### Activity
The finished copy should match every record exactly and contain no pictures.

◆ ◆ ◆ ◆

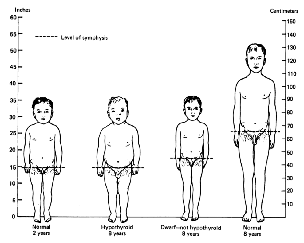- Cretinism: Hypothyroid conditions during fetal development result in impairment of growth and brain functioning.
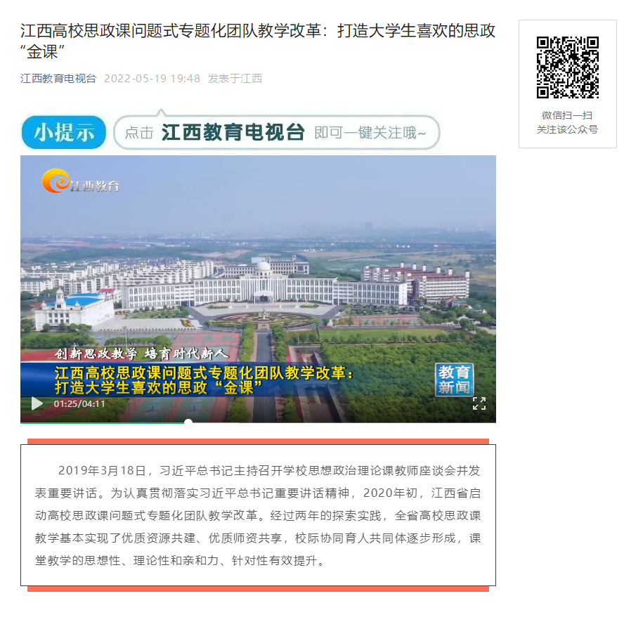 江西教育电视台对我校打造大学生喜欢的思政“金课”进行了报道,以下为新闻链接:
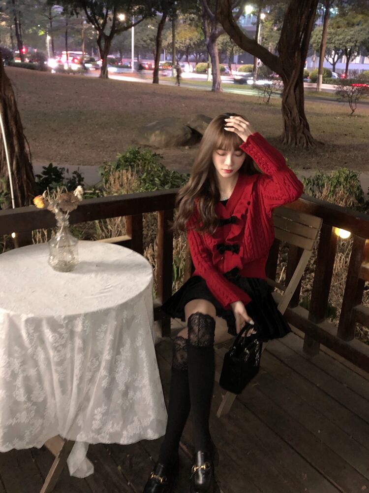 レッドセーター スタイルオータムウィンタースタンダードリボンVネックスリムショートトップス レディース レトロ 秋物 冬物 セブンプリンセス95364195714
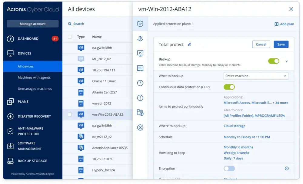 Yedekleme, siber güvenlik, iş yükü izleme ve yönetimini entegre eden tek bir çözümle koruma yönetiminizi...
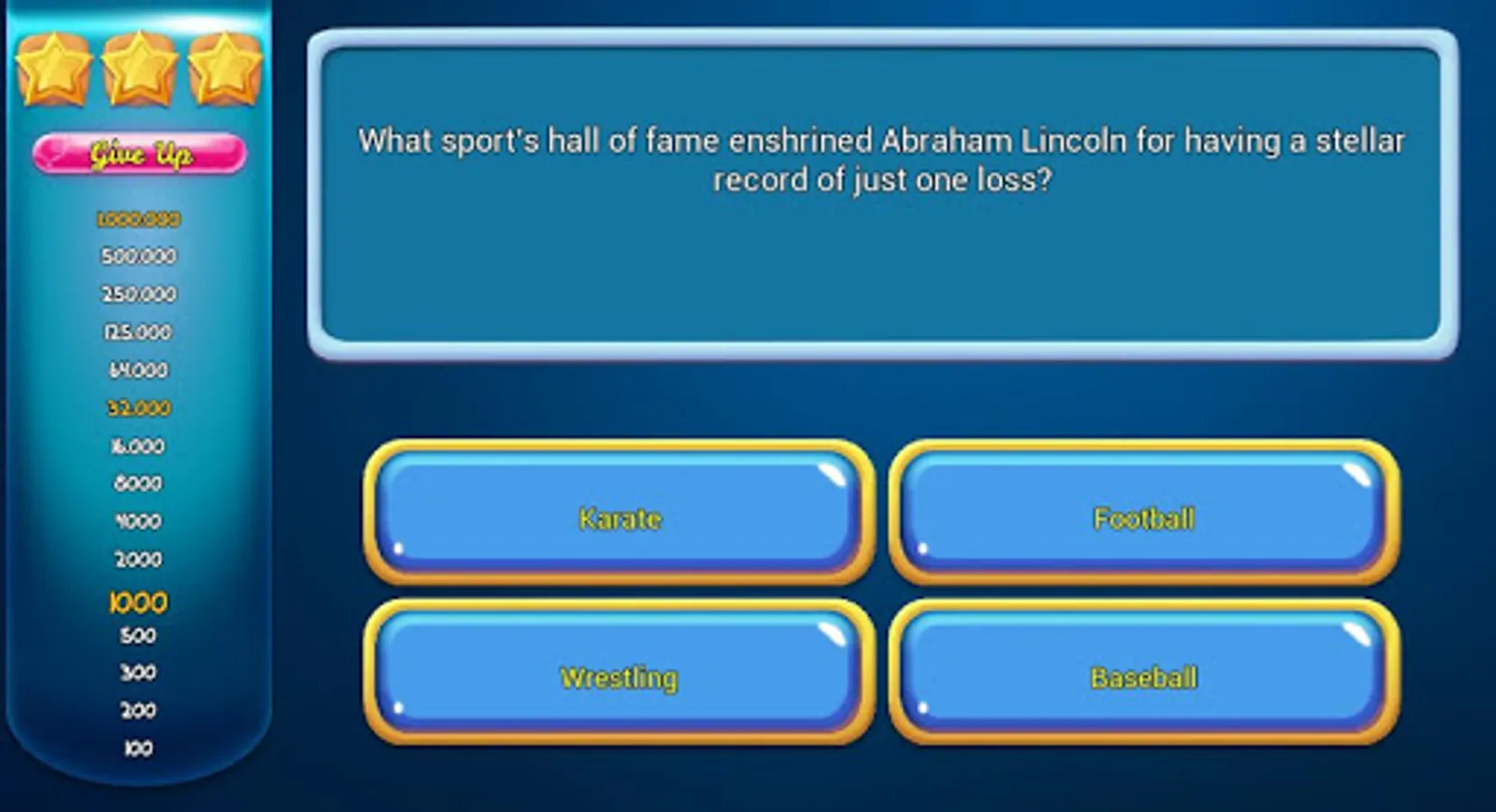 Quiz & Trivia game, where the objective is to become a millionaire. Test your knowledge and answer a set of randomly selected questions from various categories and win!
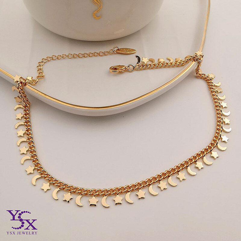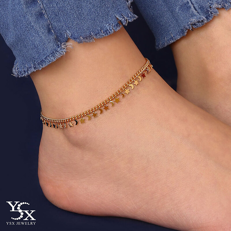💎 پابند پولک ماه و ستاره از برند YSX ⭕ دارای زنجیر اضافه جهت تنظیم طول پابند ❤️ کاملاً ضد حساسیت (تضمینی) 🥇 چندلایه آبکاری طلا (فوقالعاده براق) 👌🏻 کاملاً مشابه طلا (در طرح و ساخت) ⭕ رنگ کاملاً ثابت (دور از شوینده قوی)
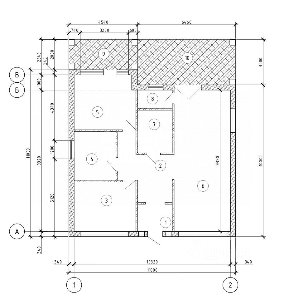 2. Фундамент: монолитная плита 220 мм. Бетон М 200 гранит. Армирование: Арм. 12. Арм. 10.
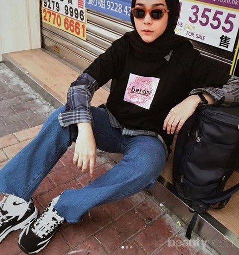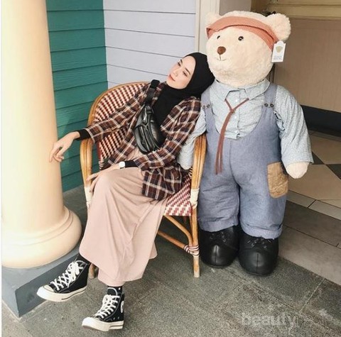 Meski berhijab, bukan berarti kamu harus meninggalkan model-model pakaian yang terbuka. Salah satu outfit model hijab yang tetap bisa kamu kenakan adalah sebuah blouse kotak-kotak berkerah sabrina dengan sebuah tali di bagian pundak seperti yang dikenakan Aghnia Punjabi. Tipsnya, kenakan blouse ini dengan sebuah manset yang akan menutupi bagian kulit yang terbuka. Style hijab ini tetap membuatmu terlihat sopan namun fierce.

◆ ◆ ◆ ◆

### Task output
- Cretinism: Hypothyroid conditions during fetal development result in impairment of growth and brain functioning.
 江西教育电视台对我校打造大学生喜欢的思政“金课”进行了报道,以下为新闻链接:
 レッドセーター スタイルオータムウィンタースタンダードリボンVネックスリムショートトップス レディース レトロ 秋物 冬物 セブンプリンセス95364195714
 Yedekleme, siber güvenlik, iş yükü izleme ve yönetimini entegre eden tek bir çözümle koruma yönetiminizi...
 Quiz & Trivia game, where the objective is to become a millionaire. Test your knowledge and answer a set of randomly selected questions from various categories and win!
💎 پابند پولک ماه و ستاره از برند YSX ⭕ دارای زنجیر اضافه جهت تنظیم طول پابند ❤️ کاملاً ضد حساسیت (تضمینی) 🥇 چندلایه آبکاری طلا (فوقالعاده براق) 👌🏻 کاملاً مشابه طلا (در طرح و ساخت) ⭕ رنگ کاملاً ثابت (دور از شوینده قوی)
 2. Фундамент: монолитная плита 220 мм. Бетон М 200 гранит. Армирование: Арм. 12. Арм. 10.
 Meski berhijab, bukan berarti kamu harus meninggalkan model-model pakaian yang terbuka. Salah satu outfit model hijab yang tetap bisa kamu kenakan adalah sebuah blouse kotak-kotak berkerah sabrina dengan sebuah tali di bagian pundak seperti yang dikenakan Aghnia Punjabi. Tipsnya, kenakan blouse ini dengan sebuah manset yang akan menutupi bagian kulit yang terbuka. Style hijab ini tetap membuatmu terlihat sopan namun fierce.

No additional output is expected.